Lemma 1.1.4 ([Lemma 8.1.1, Str24]).label Let $(\Omega, \cf, \bp)$ be a probability space and $(B_{t}, \bracs{\cf_t: t \ge 0})$ be a standard Brownian motion, then
- (1)
Almost every sample path of $B$ is in $\sps$.
- (2)
$\ev[\norm{B}_{\sps}^{2}] \le 32d$.
Proof. $(1)$: By the Brownian Strong Law of Large Numbers, $B(\omega) \in \sps$ for almost every $\omega$.

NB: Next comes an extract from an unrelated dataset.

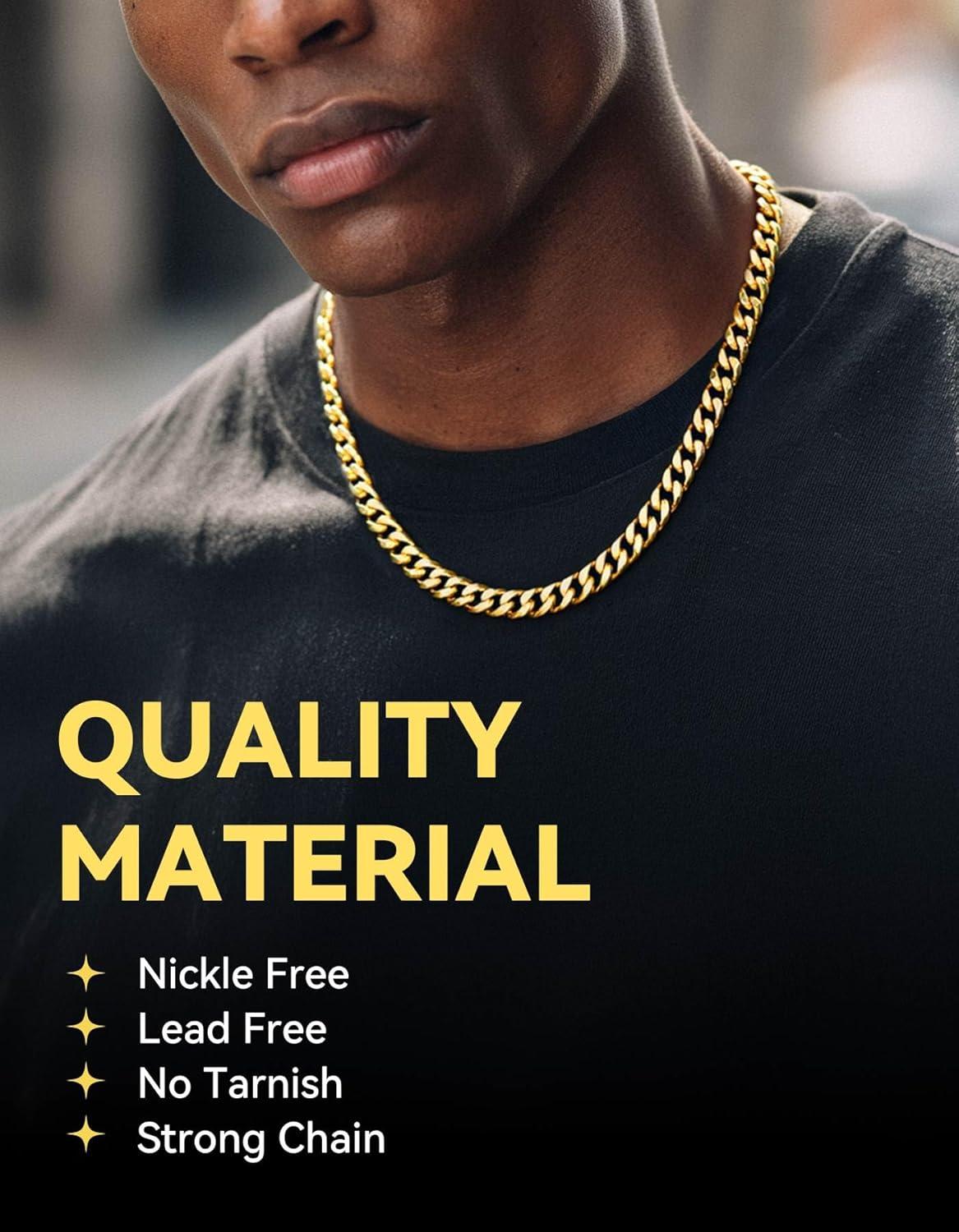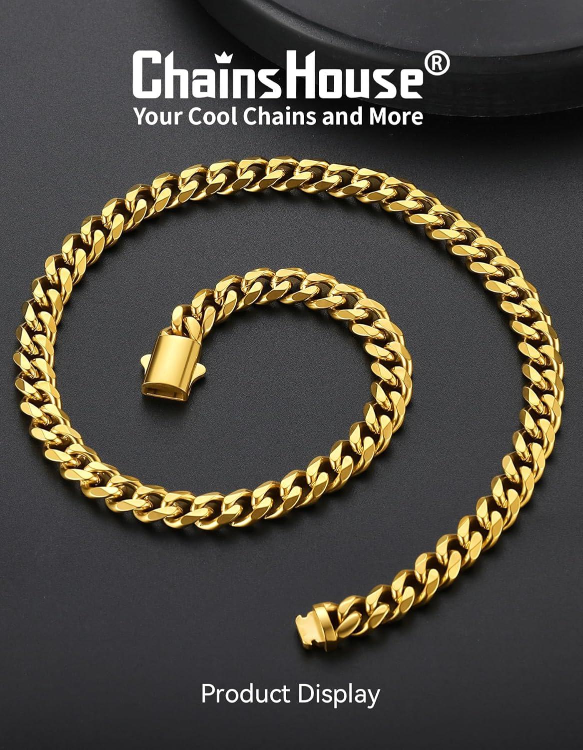 ChainsHouse Cuban Link Chain for Men, Stainless Steel Cuban Link Chain, Black/ 14K Gold Plated Cuban Chain Necklace, 6mm/9mm/12mm Width, Hip Hop Mens Jewelry, 18″-30″, Send Gift Box(e.9mm width-gold)
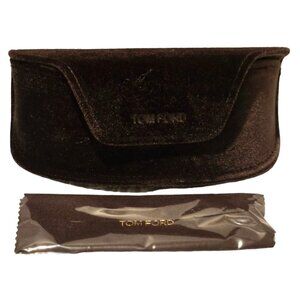 Luxurious Tom Ford sunglass case in rich brown velvet. Perfect for protecting your eyewear with style. Includes a soft cleaning cloth for maintaining pristine lenses.

$(2)$: By Doob’s maximal inequality, for any $r \ge 0$,
\begin{align*}\ev\braks{\norm{B}_{u, [0, 2]}^2}^{1/2}&\le 2\ev\braks{\norm{B_r}_{\real^d}^2}^{1/2}\\ \ev\braks{\norm{B}_{u, [0, 2]}^2}&\le 4\ev\braks{\norm{B_r}_{\real^d}^2}\end{align*}
and for any $\theta \in \sps$,
\begin{align*}\norm{\theta}_{\sps}^{2}&\le \sum_{n = 0}^{\infty} \sup_{t \in [0, 2^n]}\frac{\abs{\theta(t)}^{2}}{(1 + t)^{2}}\le \sum_{n = 0}^{\infty} \frac{1}{2^{2(n-1)}}\norm{\theta}_{u, [0, 2^n]}^{2}\\&\le \sum_{n = 0}^{\infty} 4^{1 - n}\norm{\theta}_{u, [0, 2^n]}^{2}\end{align*}
Thus
\begin{align*}\ev[\norm{B}_{\sps}^{2}]&\le \sum_{n = 0}^{\infty} 4^{1 - n}\ev\braks{\norm{\theta}_{u, [0, 2^n]}^2}\le \sum_{n = 0}^{\infty} 4^{1 - n}\ev\braks{\norm{B_{2^n}}_{\real^d}^2}\le 32d\end{align*}
$\square$